Les développeurs sont aujourd’hui une cible privilégiée des attaques, a souligné Johannes Ullrich, doyen de la recherche à l’Institut SANS. Ce qu’ils ne réalisent souvent pas, c’est que toute extension qu’ils installent, même si elle semble inoffensive, a un accès complet à leur code et peut y apporter des modifications sans en informer explicitement le développeur.

Les RSSI doivent inclure les développeurs dans les discussions sur la sécurisation des outils de développement, conseille-t-il. Limiter les outils autorisés est souvent contre-productif, car les développeurs identifieront des solutions de contournement pour accomplir leur travail.

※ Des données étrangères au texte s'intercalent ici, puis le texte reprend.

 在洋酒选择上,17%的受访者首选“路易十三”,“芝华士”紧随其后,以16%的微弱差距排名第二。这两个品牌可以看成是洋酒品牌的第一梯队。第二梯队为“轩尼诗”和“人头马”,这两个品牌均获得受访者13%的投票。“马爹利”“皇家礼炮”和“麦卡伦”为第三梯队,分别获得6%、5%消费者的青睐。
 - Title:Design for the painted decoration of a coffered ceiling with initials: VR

La sécurité doit coopérer avec les développeurs pour les aider à utiliser les outils dont ils ont besoin en toute sécurité, et tout produit de protection des points finaux doit être optimisé pour prendre en charge les modèles d’utilisation uniques des développeurs.

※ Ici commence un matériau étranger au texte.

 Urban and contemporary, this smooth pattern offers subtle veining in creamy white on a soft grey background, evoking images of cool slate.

Il ne s’agit pas seulement d’un problème de chaîne d’approvisionnement, a déclaré Will Baxter, RSSI de terrain chez Team Cymru, il s’agit d’une nouvelle couche d’infrastructure fusionnant les outils de cybercriminalité, la résilience de la blockchain et l’orientation des outils de développement. Les opérateurs de registre, les chercheurs sur les menaces et les partenaires de surveillance de la blockchain doivent partager des renseignements et travailler ensemble plus étroitement pour signaler ces attaques hybrides, a-t-il ajouté.

Plus de conseils aux OSC

Janca affirme que pour réduire le risque d’attaques de la chaîne d’approvisionnement, les responsables de la sécurité et les professionnels de la sécurité des applications devraient :

  • réduire la surface d’attaque autant que possible : installez uniquement les fonctionnalités et autres logiciels qu’ils utilisent, par exemple, désinstallez toutes les extensions VS Code qui ne sont pas utilisées et supprimez toutes les dépendances inutilisées du code ;
  • surveillez tous les postes de travail des employés pour déceler tout comportement anormal, en mettant davantage l’accent sur ceux qui disposent d’un accès privilégié, tels que les développeurs de logiciels.
  • appliquer le moindre privilège pour la gestion des identités et des accès, en particulier pour les machines des développeurs
  • mettre en œuvre un processus de gestion du changement rapide et efficace qui inclut les changements dans la chaîne d’approvisionnement logicielle ;
  • former les développeurs au codage sécurisé, à la protection de leur chaîne d’approvisionnement et à leur rôle lors de la réponse aux incidents, pour aider à prévenir de tels problèmes à l’avenir ou à réagir plus rapidement et avec plus de grâce
    Il existe divers outils d’analyse de sécurité qui peuvent être utilisés pour réduire les risques et détecter les problèmes avant qu’ils ne se transforment en incidents de sécurité, tels que les scanners d’extension, les scanners secrets, les outils de sécurité de la chaîne d’approvisionnement (SCA et SBOM) et la protection des points finaux ;
  • suivez les meilleures pratiques appropriées en matière de gestion des secrets, afin que les packages malveillants comme ceux-ci ne puissent pas récolter les informations d’identification ;
  • seuls les référentiels, marchés, etc. approuvés doivent être utilisés dans une organisation. Bloquez tous les emplacements inconnus ou non fiables pour télécharger du code, des packages, des images et des extensions ;
  • renforcer l’ensemble de la chaîne d’approvisionnement logicielle, et pas seulement les composants et le code tiers. Cela inclut des mises à jour régulières et le verrouillage de l’accès au CI/CD, aux IDE et postes de travail des développeurs, aux artefacts, etc.
  • pousser les gouvernements à fournir une solution à l’écosystème logiciel open source très peu sécurisé dont beaucoup d’entre nous dépendent. Ou encore, privilégiez les langages et frameworks de développement à source fermée, même si cela, admet-elle, n’aurait pas aidé dans ce cas, car .Net est une source fermée mais VS Code Marketplace ne l’est pas.